Montenegro e Ataíde (2014), de mesmo modo, em seu estudo reitera que o professor que atua na EJA, não tem formação adequada para atender a essa modalidade de ensino e que os professores são licenciados e em sua totalidade não tiveram a oportunidade de discutirem e vivenciarem experiências formativas em EJA durante sua formação inicial.

Nas tentativas de suprir as necessidades de uma formação para essa demanda alguns professores buscam a saída nas formações continuadas (MOURA, 2006), em cursos de extensão (BEDOYA e TEIXEIRA, 2008; CARVALHO apud OLIVEIRA, 2006; GONÇALVES, 2010) ou em suas experiências, porém essas ainda assim não ganham prestígio dentro do campo educacional, são apenas “gambiarras” para a falta de uma formação inicial em educação de jovens e adultos, numa tentativa de reparo de uma formação, de “silenciamento” conforme afirma Moura (2009) das instituições formadoras de professores.

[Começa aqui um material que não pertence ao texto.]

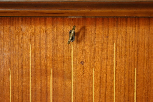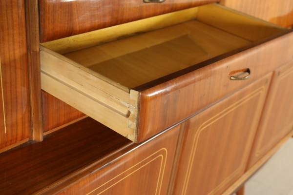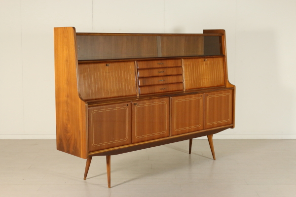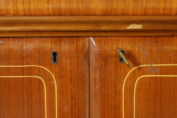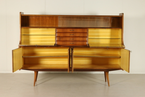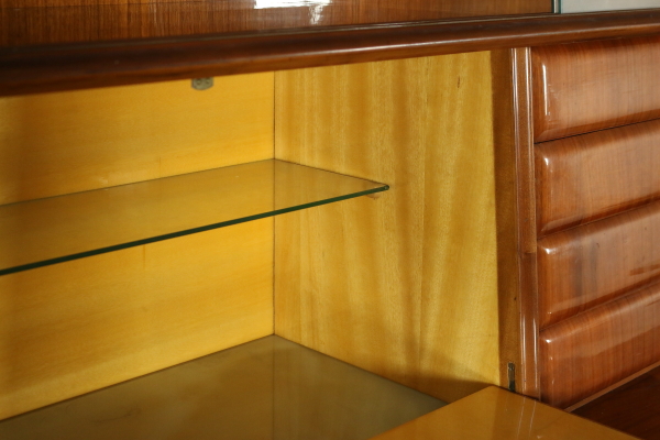 Dressoir ; placage en bois acajou, verre. Bon état, montre peu de signes d'usure.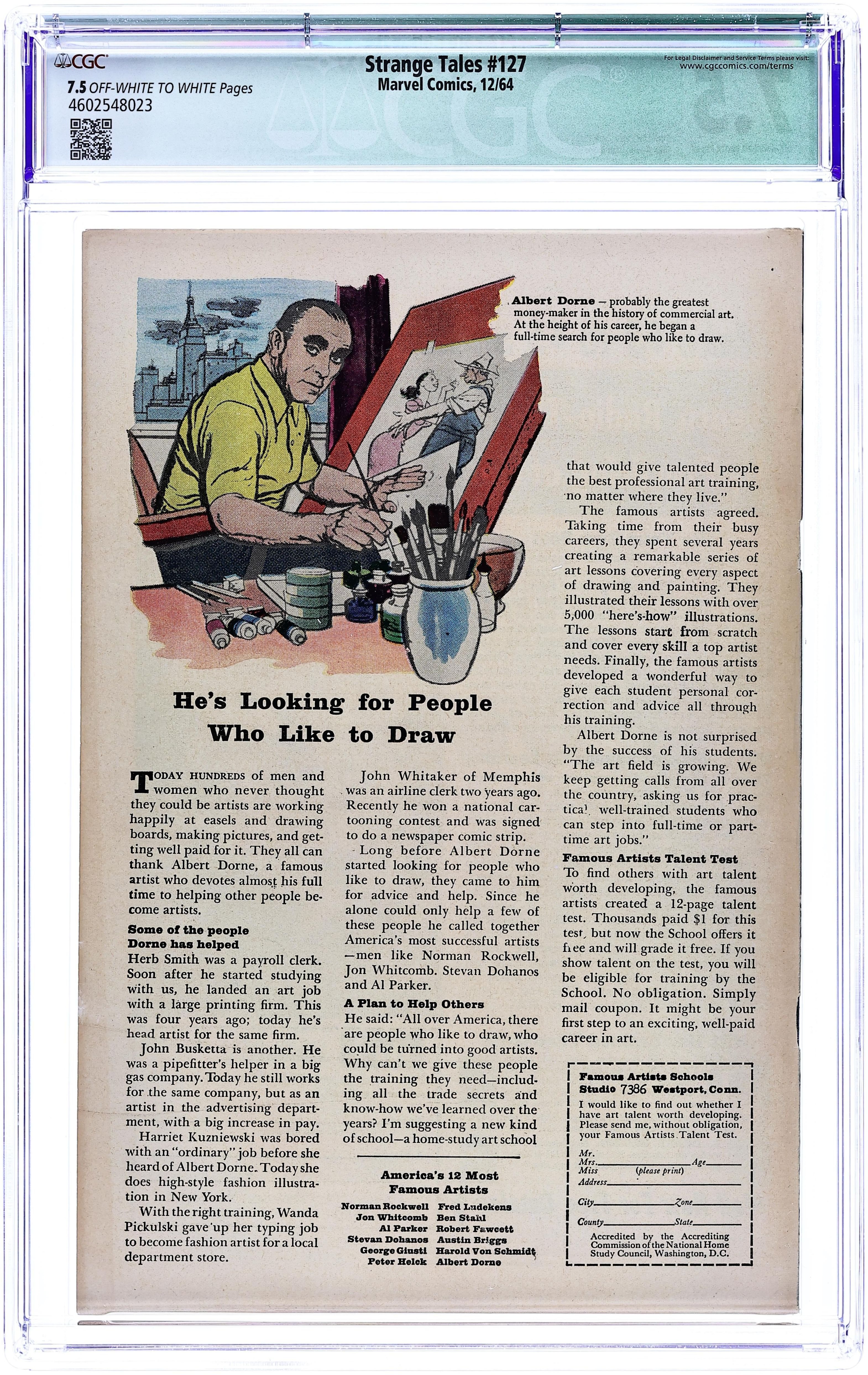 Tags: Marvel Legacy Numbering: Doctor Strange (part 127), Fantastic FourStrange Tales (1951 1st Series) 127 CGC 7.5 Qualified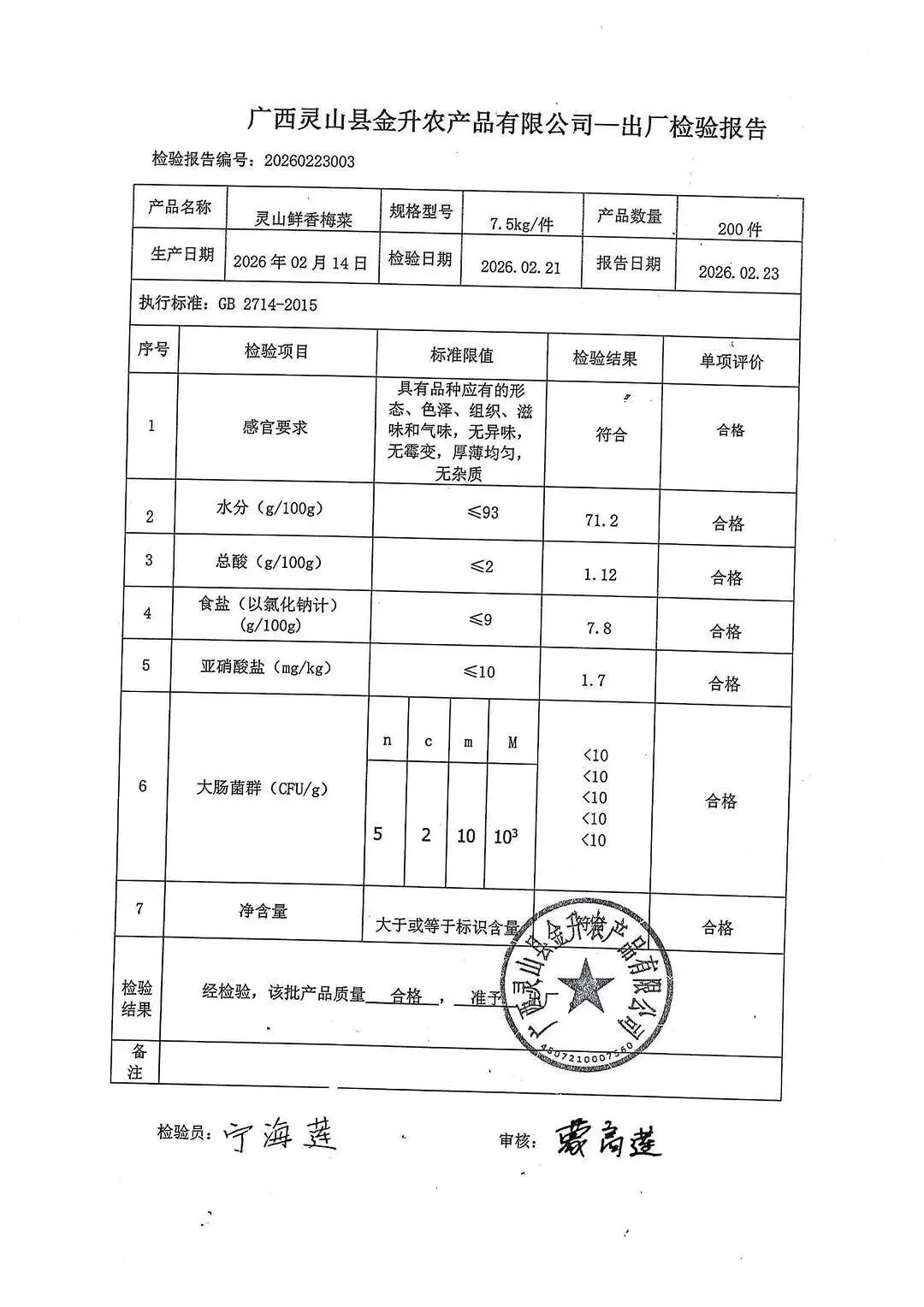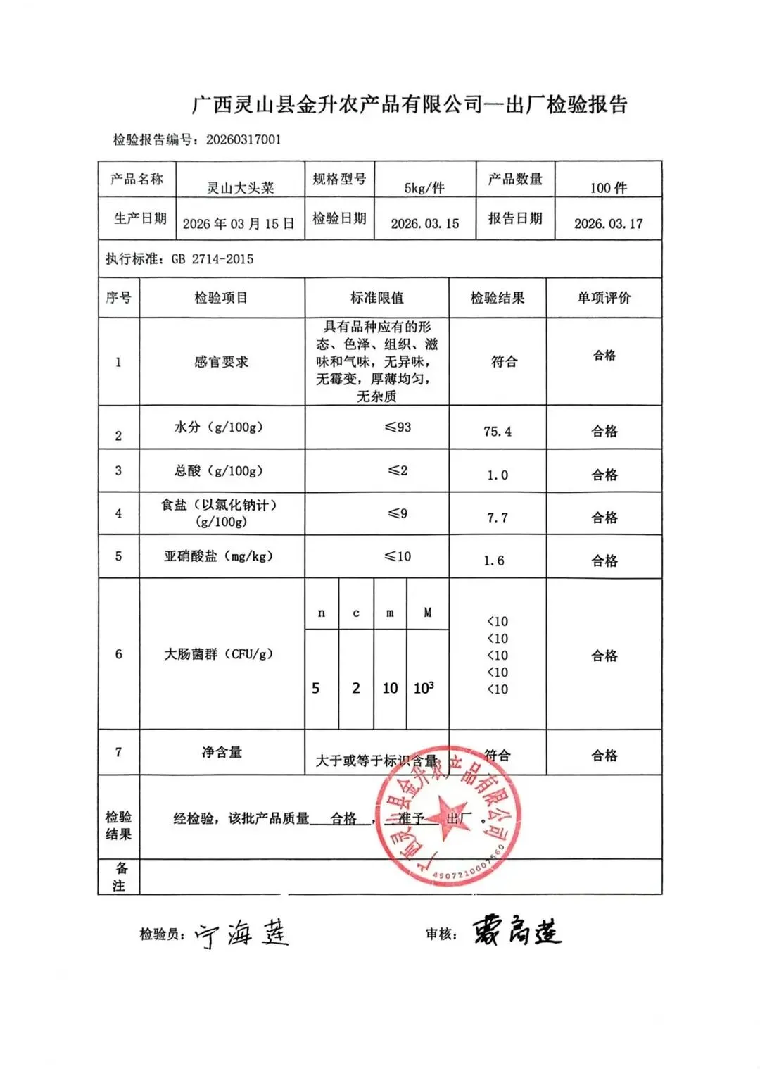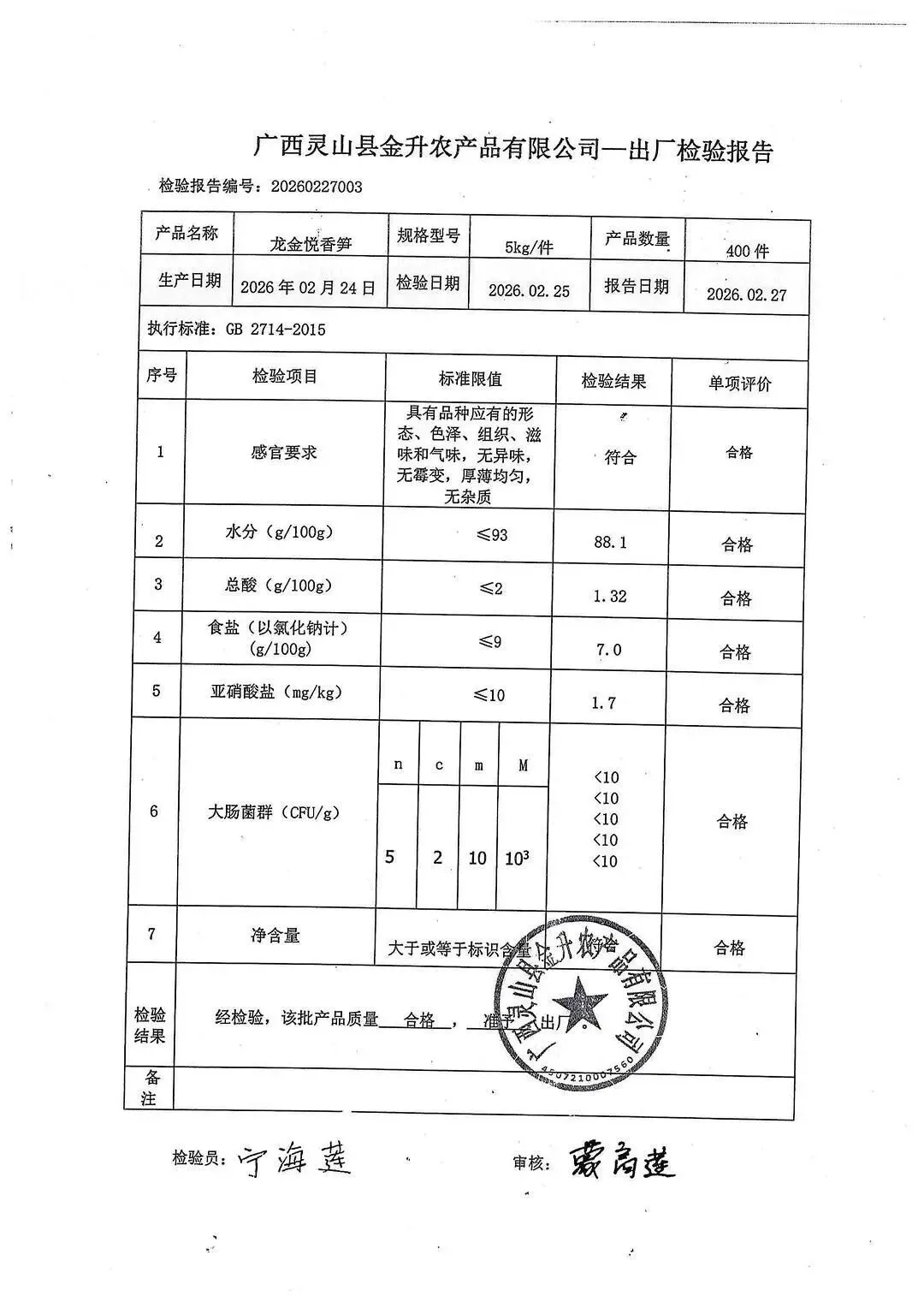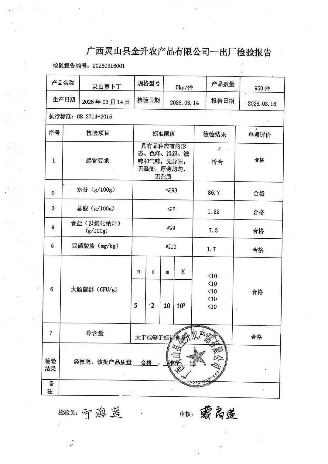 金浦供应链&禾美农业-03月25日蛋类、酱腌菜、肉类、蔬菜、水豆腐、鲜湿淀粉条检测 报告
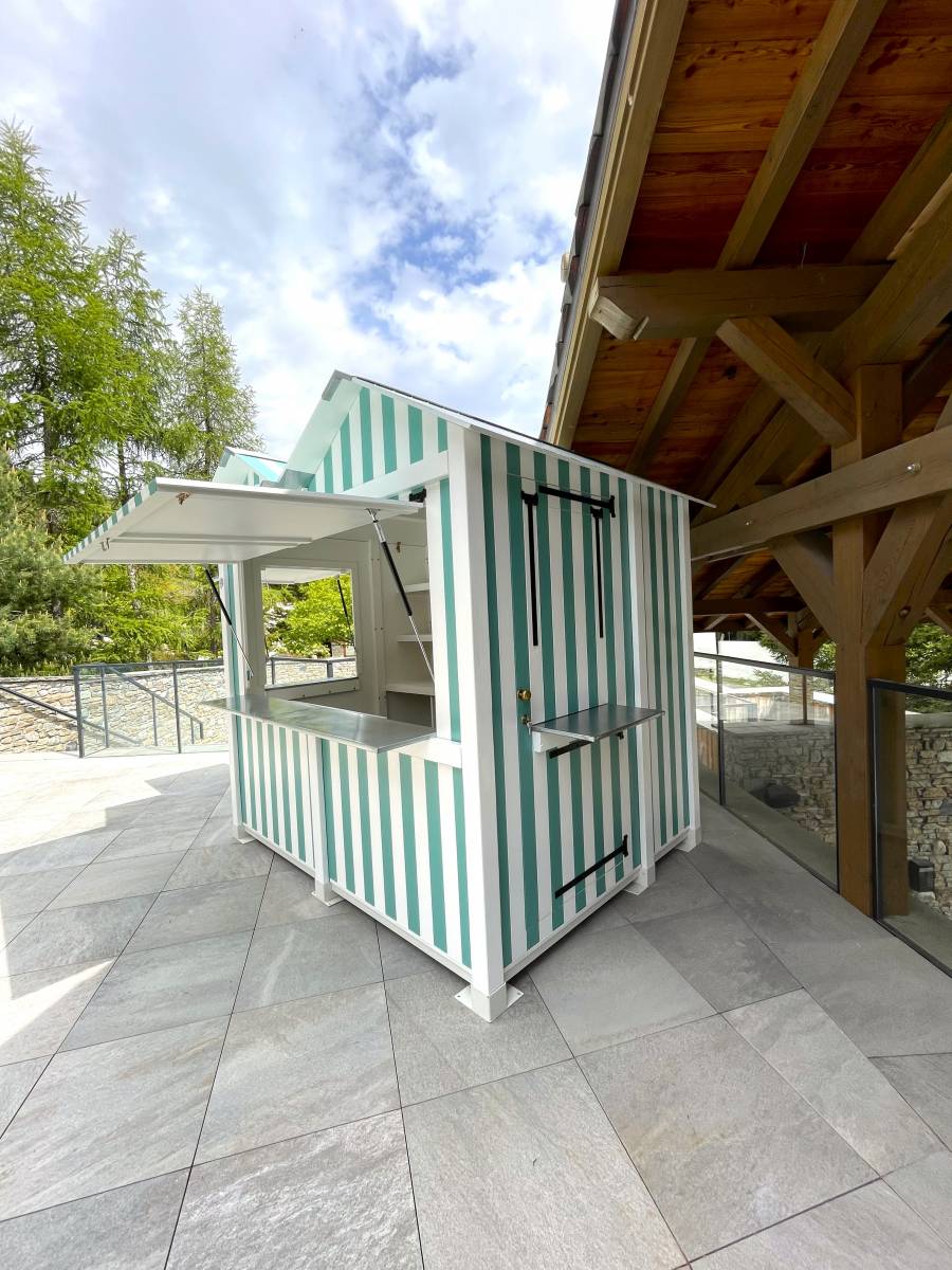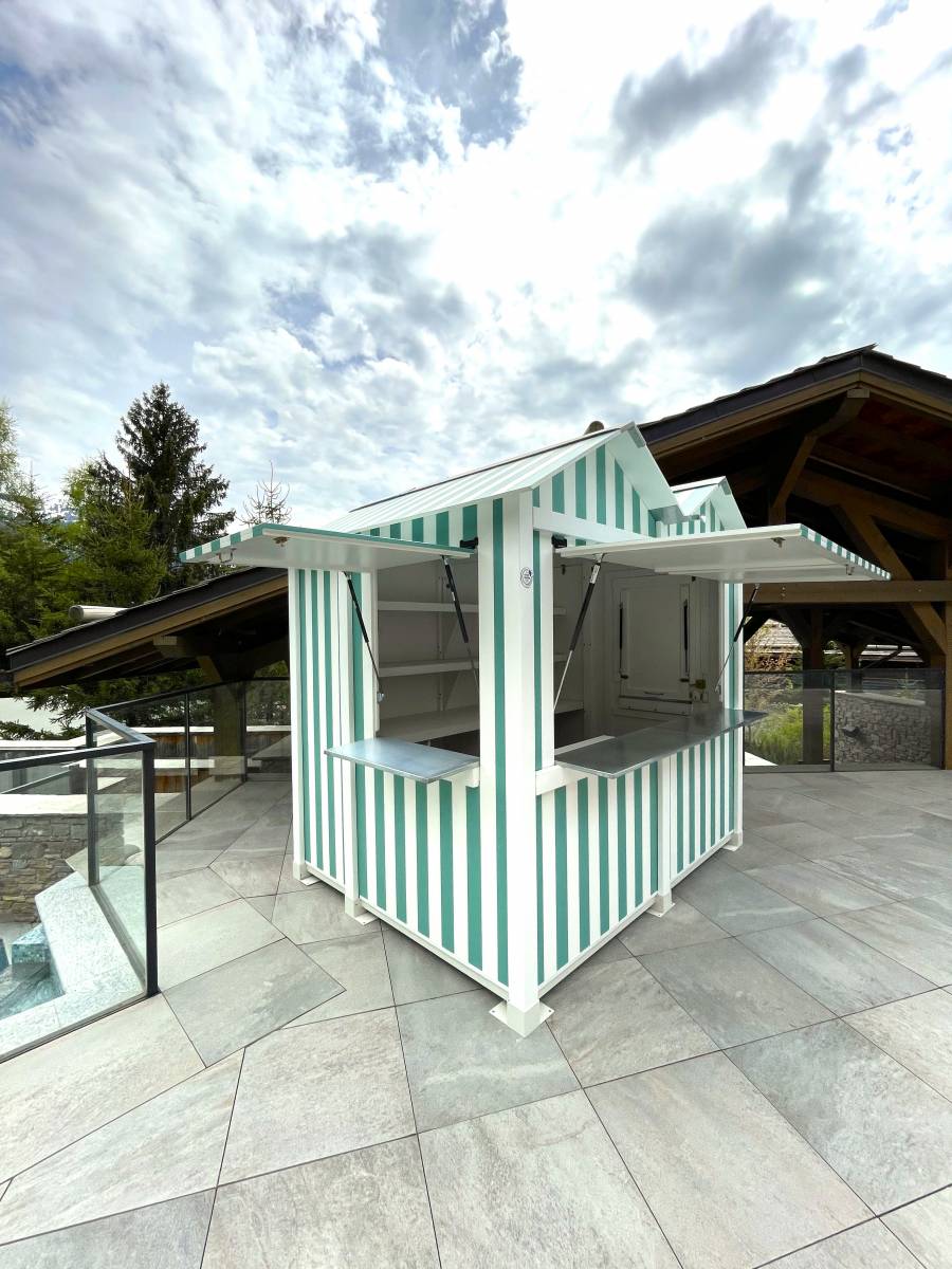 Habillée de rayures blanches et vert émeraude, la cabine apporte une touche fraîche et chic, en parfaite harmonie avec le cadre alpin et le bleu scintillant de la piscine.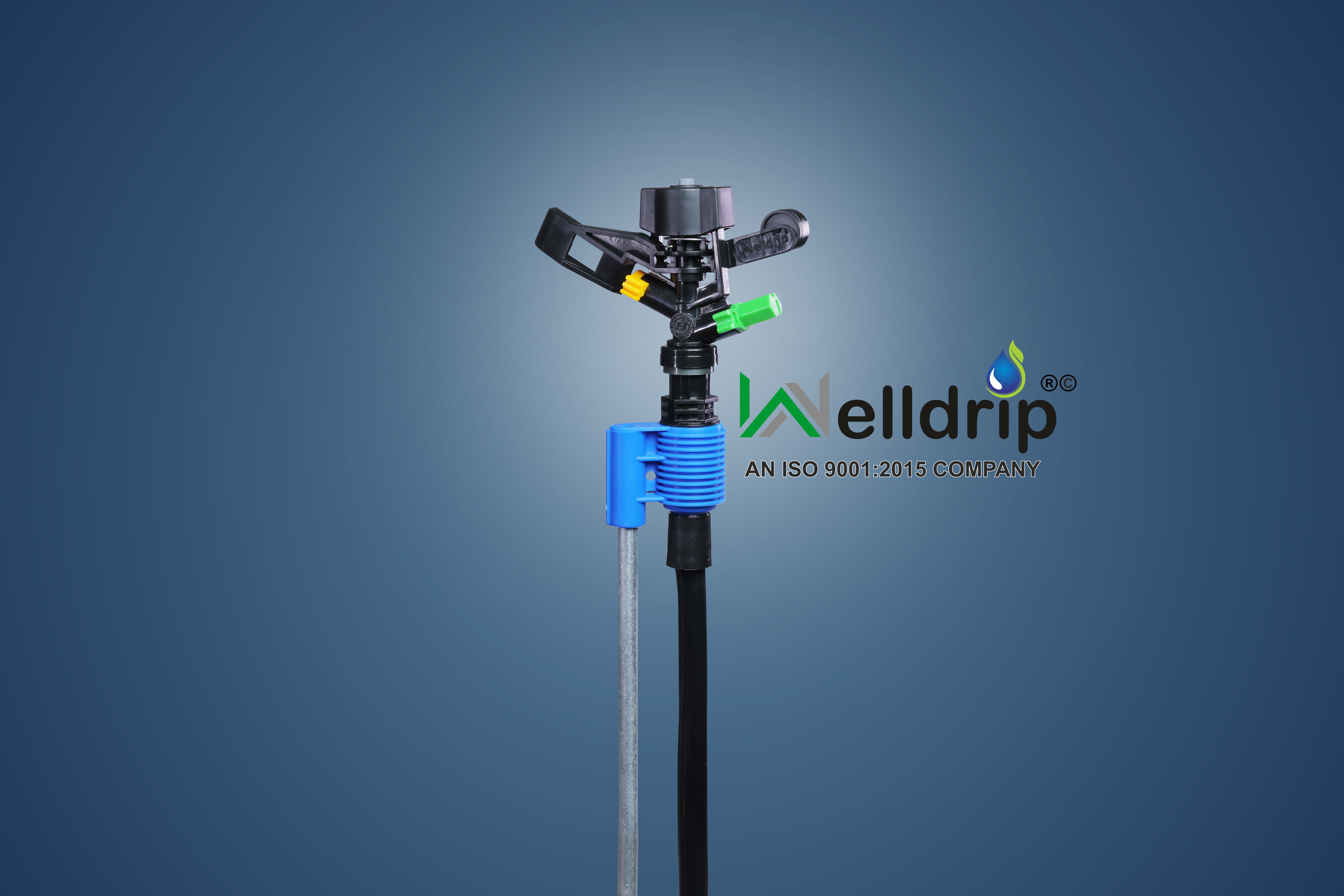• The Welldrip Mini Sprinkler is a compact and powerful irrigation solution that delivers consistent water spray with minimal water usage. Ideal for vegetable fields, flower beds, fruit orchards, and nurseries, this sprinkler works efficiently at low operating pressure (1 to 2.5 bar) and covers a spray radius of up to 5 meters. It supports a discharge rate of 30–100 liters per hour, helping maintain balanced soil moisture without wastage.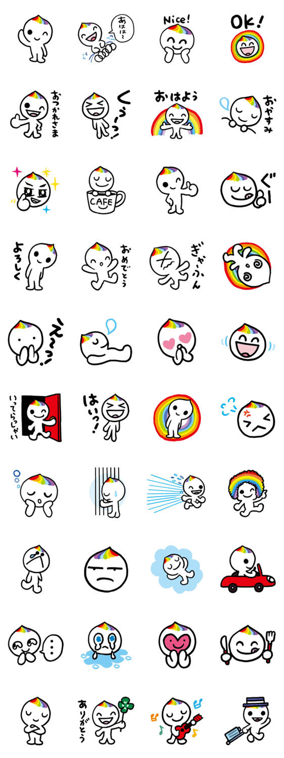 虹みっけ2 おさない まこと コメントをどうぞ 虹色あたまのキャラクター、名前は みっけ。虹を見た時に幸せを感じるように、虹がかかったような会話を楽しもう。 このスタンプどう思う?!↓クリックで投票♪好き (0)かわいい (0)かっこいい (0)おもしろい (0)使いやすそう (0)欲しい (0)萌え (0)ほっこりする (0)おしゃれ (0)ゆるい (0)こわい (0)ウザい (0)キモい (0)ムカつく (0)持ってる (0)癒される (0)セクシー (0)個性的 (0)私は買わない (0)誰かプレゼントして! (0) 購入・プレゼントする Facebookでシェア Twitterでシェア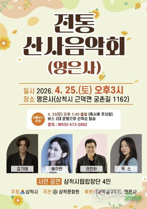 K-Classic News 기자 | 삼척시는 4월 25일 근덕면 영은사에서 자연과 전통이 어우러진 '전통 산사 숲속 음악회'를 개최한다고 밝혔다.

Gostaríamos de explicar que a proposição do nome gambiarra não se aplica de forma pejorativa aos cursos de formação continuada, nem tão pouco, aos cursos de extensão, pois entendemos que os mesmos cumprem bem a função a que foram designados, porém eles não deveriam ser pensados sem uma formação inicial bem fundamentada.

Numa saída para esse impasse, tais cursos surgem para substituir tal formação, daí surge então a conjectura do nome “gambiarra”, uma maneira improvisada de suprir o descaso das políticas públicas e do silenciamento das instituições formadoras em detrimento desta questão.

É preciso repensar nas políticas de formação de professores, a fim de tornar o discurso e a prática ainda mais próximos de seus objetivos.